Problem details: Pictures must not appear in the copy. Reproduce exactly, and only, the lines from the one with "A Escrivaninha Mali, da" through the end of the data below.

Record extracts:
*** Begin section ***

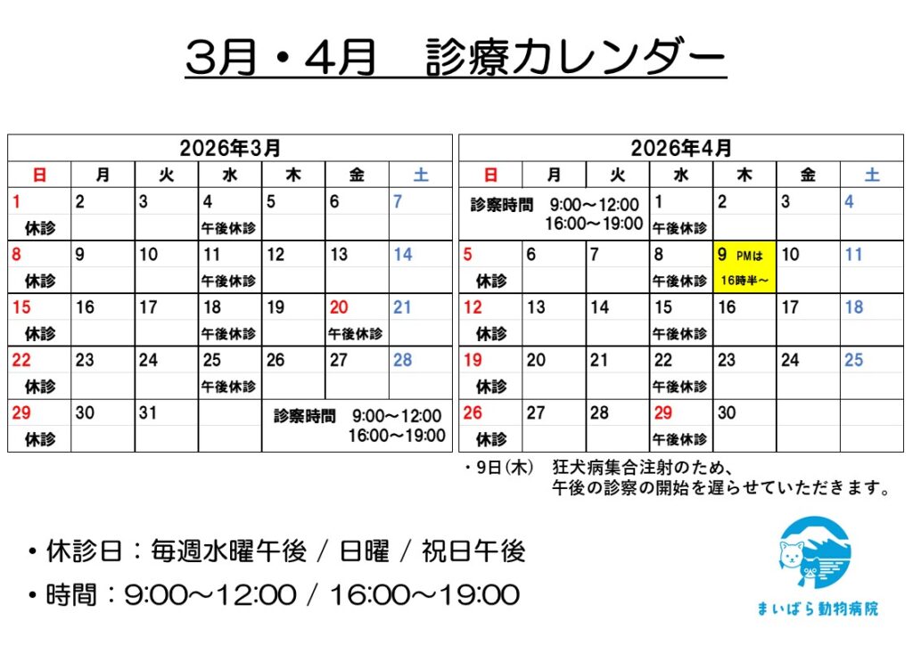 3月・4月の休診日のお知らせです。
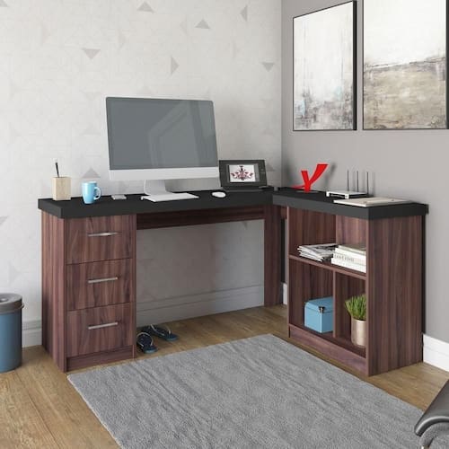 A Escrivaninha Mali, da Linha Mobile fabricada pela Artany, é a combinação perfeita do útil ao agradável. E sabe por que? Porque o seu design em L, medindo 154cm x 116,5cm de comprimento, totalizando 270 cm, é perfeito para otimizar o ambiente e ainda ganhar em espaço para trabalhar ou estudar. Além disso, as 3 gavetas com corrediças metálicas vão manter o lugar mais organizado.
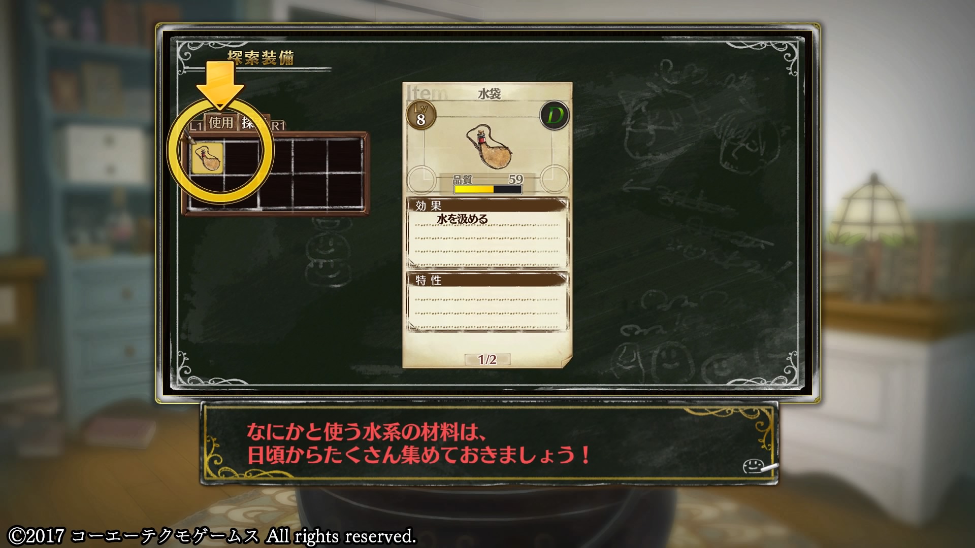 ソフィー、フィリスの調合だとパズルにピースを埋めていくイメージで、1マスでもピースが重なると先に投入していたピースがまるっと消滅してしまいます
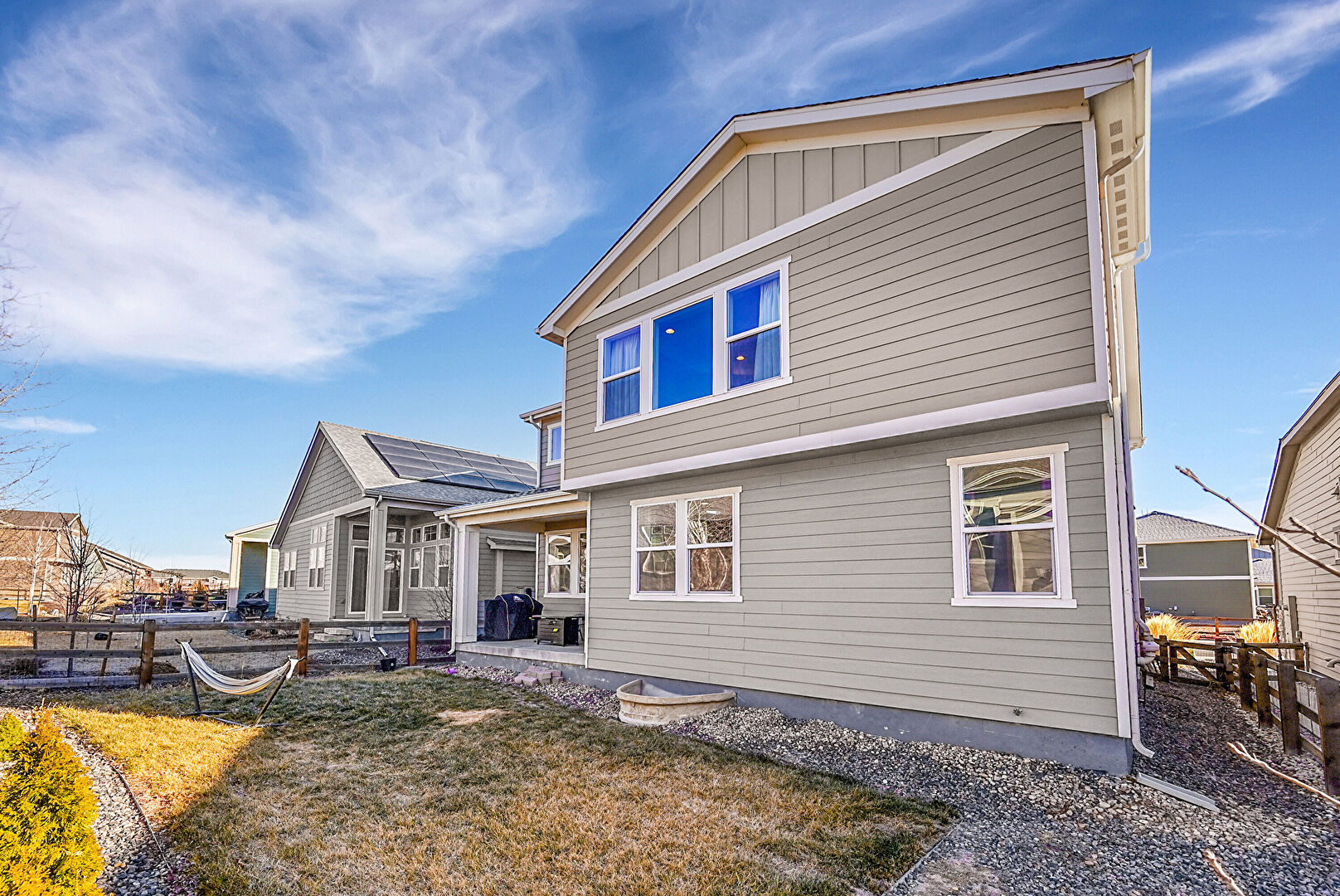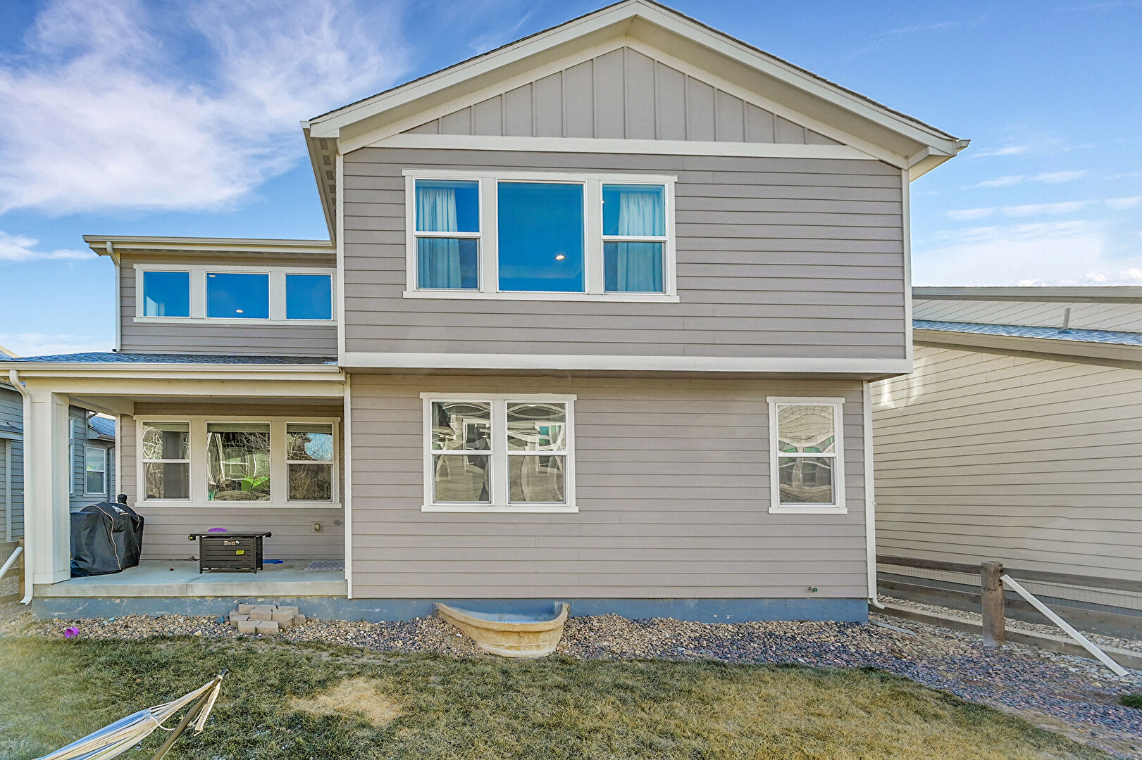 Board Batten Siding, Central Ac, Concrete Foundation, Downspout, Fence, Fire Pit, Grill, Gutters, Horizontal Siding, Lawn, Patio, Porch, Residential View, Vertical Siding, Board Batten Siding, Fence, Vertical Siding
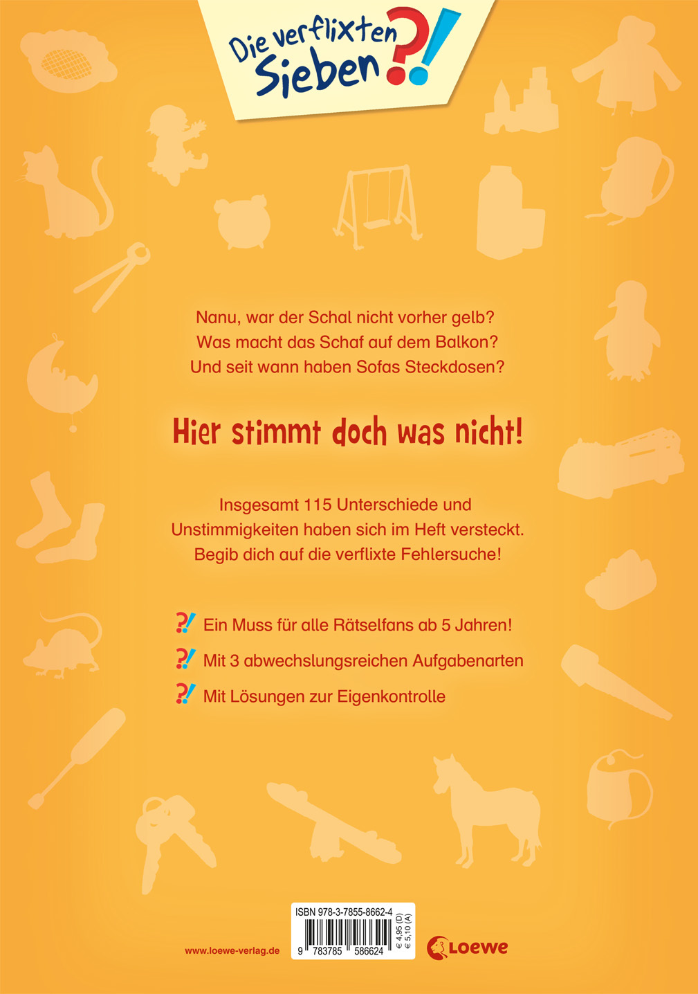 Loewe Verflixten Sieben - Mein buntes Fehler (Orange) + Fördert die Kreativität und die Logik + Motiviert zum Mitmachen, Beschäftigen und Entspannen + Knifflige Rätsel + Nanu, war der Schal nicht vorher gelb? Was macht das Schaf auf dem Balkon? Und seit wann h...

*** End section ***

Response to the task:
 A Escrivaninha Mali, da Linha Mobile fabricada pela Artany, é a combinação perfeita do útil ao agradável. E sabe por que? Porque o seu design em L, medindo 154cm x 116,5cm de comprimento, totalizando 270 cm, é perfeito para otimizar o ambiente e ainda ganhar em espaço para trabalhar ou estudar. Além disso, as 3 gavetas com corrediças metálicas vão manter o lugar mais organizado.
 ソフィー、フィリスの調合だとパズルにピースを埋めていくイメージで、1マスでもピースが重なると先に投入していたピースがまるっと消滅してしまいます
 Board Batten Siding, Central Ac, Concrete Foundation, Downspout, Fence, Fire Pit, Grill, Gutters, Horizontal Siding, Lawn, Patio, Porch, Residential View, Vertical Siding, Board Batten Siding, Fence, Vertical Siding
 Loewe Verflixten Sieben - Mein buntes Fehler (Orange) + Fördert die Kreativität und die Logik + Motiviert zum Mitmachen, Beschäftigen und Entspannen + Knifflige Rätsel + Nanu, war der Schal nicht vorher gelb? Was macht das Schaf auf dem Balkon? Und seit wann h...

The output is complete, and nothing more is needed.